In October 2001 President al-Bashir dropped charges against al-Turabi and the senior members of the PNCP that had been arrested in February 2001. The senior members of the PNCP who had been arrested were released, but Al-Turabi was not released for security reasons.
He was arrested in March 2004 on charges of attempting to overthrow the government after signing a controversial deal with the separatist SPLA rebels fighting for greater autonomy for South Sudan. The coup accusations and his arrest came only months after his release from custody in October 2003 when he had spent 32 months in detention.
Turabi was arrested in March 2008 after saying President Bashir should surrender to the International Criminal Court. The court issued an arrest warrant for Mr. Bashir in 2008 for war crimes in Darfur, charges the president denied. The National Intelligence and Security Service said that Turabi, “was not detained over his request that President Al-Bashir face ICC charges, but instead because of Al-Turabi’s recent contact with leaders from the Justice and Equality Movement (JEM), to which Al-Turabi was allegedly providing financial and logistical assistance” in order to create a “military coup” in Darfur.
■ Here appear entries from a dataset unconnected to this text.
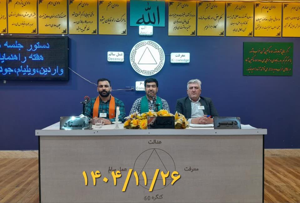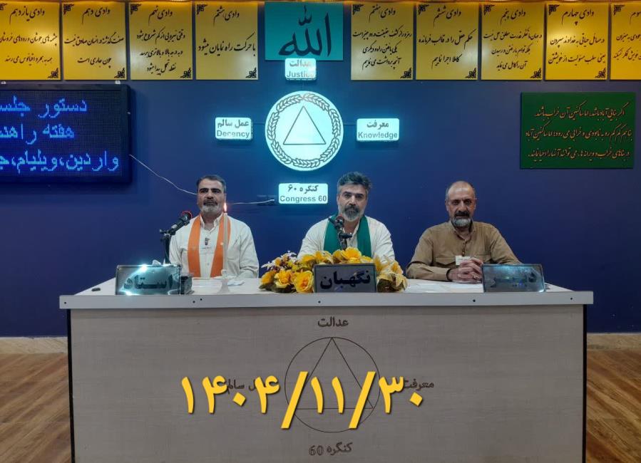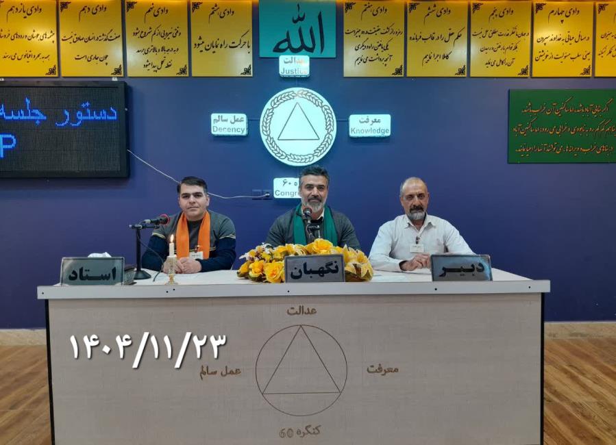 کارگاه های آموزشی کنگره 60 راهنما شخصی است که با سلاح عشق و محبت راه را نشان میدهد 26 بهمن انسان برای اینکه بتواند انتخاب کند دو راهنما دارد یک راهنمای درون که عقل انسان است و یک راهنمای بیرون که میتواند پیامبران یا معلم و راهنما باشد.
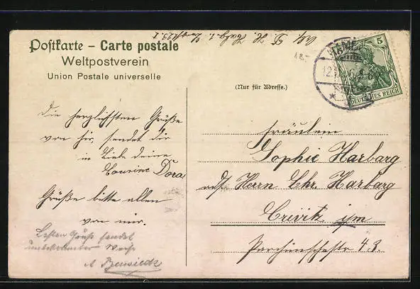 alte Ansichtskarte, gelaufen 1906, Stempelspur, guter Zustand
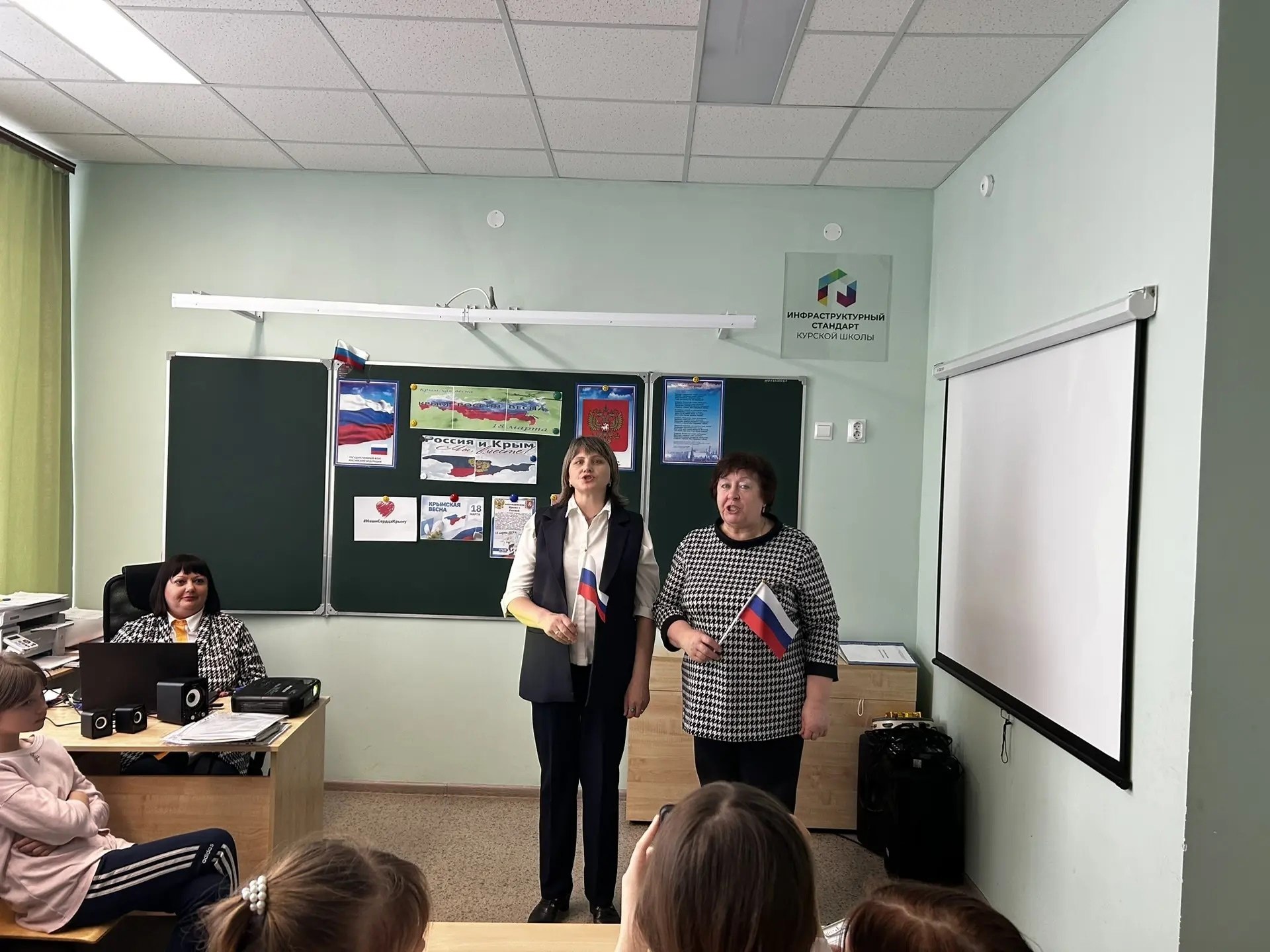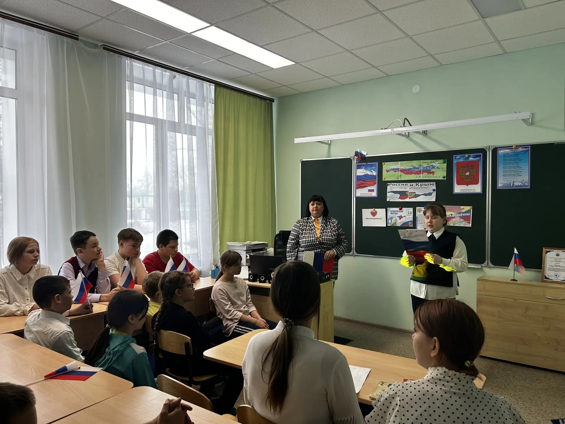 В преддверии празднования дня Воссоединения Крыма с Россией, в школе советником директора по воспитанию организован познавательный час «Крым,Россия, Весна» К проведению мероприятия присоединились социальные партнёры школы - сельский библиотекарь Красникова М. В. и работник Дома Культуры Пашкова Л. Ф.

On 30 October 2009 the Sudanese government lifted its ban on an opposition party and freed the party's prominent leader, Hassan al-Turabi, who had been in detention for more than a year. Sudan's long-running state of emergency was also lifted in most areas of the country.
Turabi was arrested a month after the country's first multiparty elections in 24 years. He had denounced the national elections as fraudulent. A group of security officers arrived at the home of Hassan al-Turabi 15 March 2010 and took away the head of the opposition Popular Congress Party. Authorities also raided the printing house of the party's daily newspaper Rai al-Shaab and confiscated all its copies.
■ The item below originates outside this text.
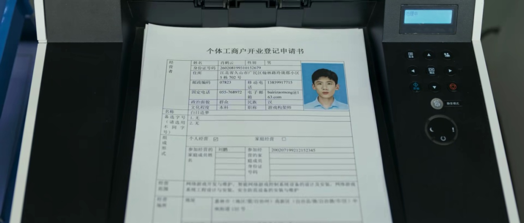 警方说肖鹤云是一个游戏公司的创始人,但是从打印机里打出的档案信息来看,却是一张《个体工商户开业登记申请书》!
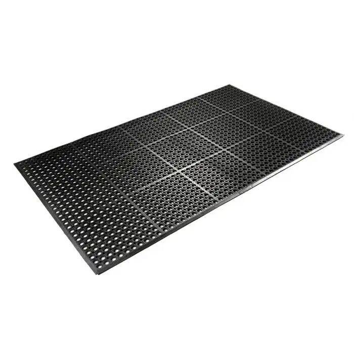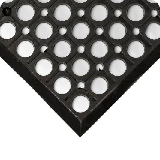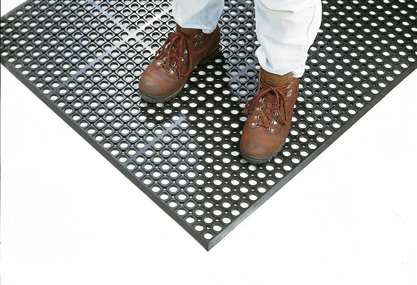 משטח דריכה לאזורים רטובים נגד החלקה, שנועד במיוחד לשימוש תעשייתי או מסחרי באזורים בהם רצפה עשויה להיות רטובה או חלקה. המשטח מיוצר מגומי טבעי, כולל ניקוז (Drainage) ומעוצב כך שיאפשר ניקוי תדיר, זרימת נוזלים והפחתת סכנת החלקה. הוא מתאים לסביבות עבודה עם מים או נוזלים שאינם אגרסיביים במיוחד, ומוצע במידות סטנדרטיות.

On 17 January 2011 Sudanese security forces arrested a top opposition leader who suggested the country is ready for a Tunisia-style uprising. Family members of Hassan al-Turabi said security agents came to his Khartoum home and took him into custody. At least eight members of Turabi's Popular Congress Party were also arrested. Hassan Al-Turabi was released from jail a few months later.
Sudanese leader Hassan al-Turabi was hospitalised 05 March 2015 after falling unconscious in his office. Hassan al-Turabi is in critical condition after what was described as a heart attack. Turabi died 05 March 2016 of a heart attack at the age of 84. Hassan al-Turabi was buried 06 March 2016 in a cemetery east of the capital, Khartoum, following a funeral attended by thousands of mourners.
The influential al-Turabi was known fondly as The Sheikh by his followers and as a cunning demagogue by his detractors.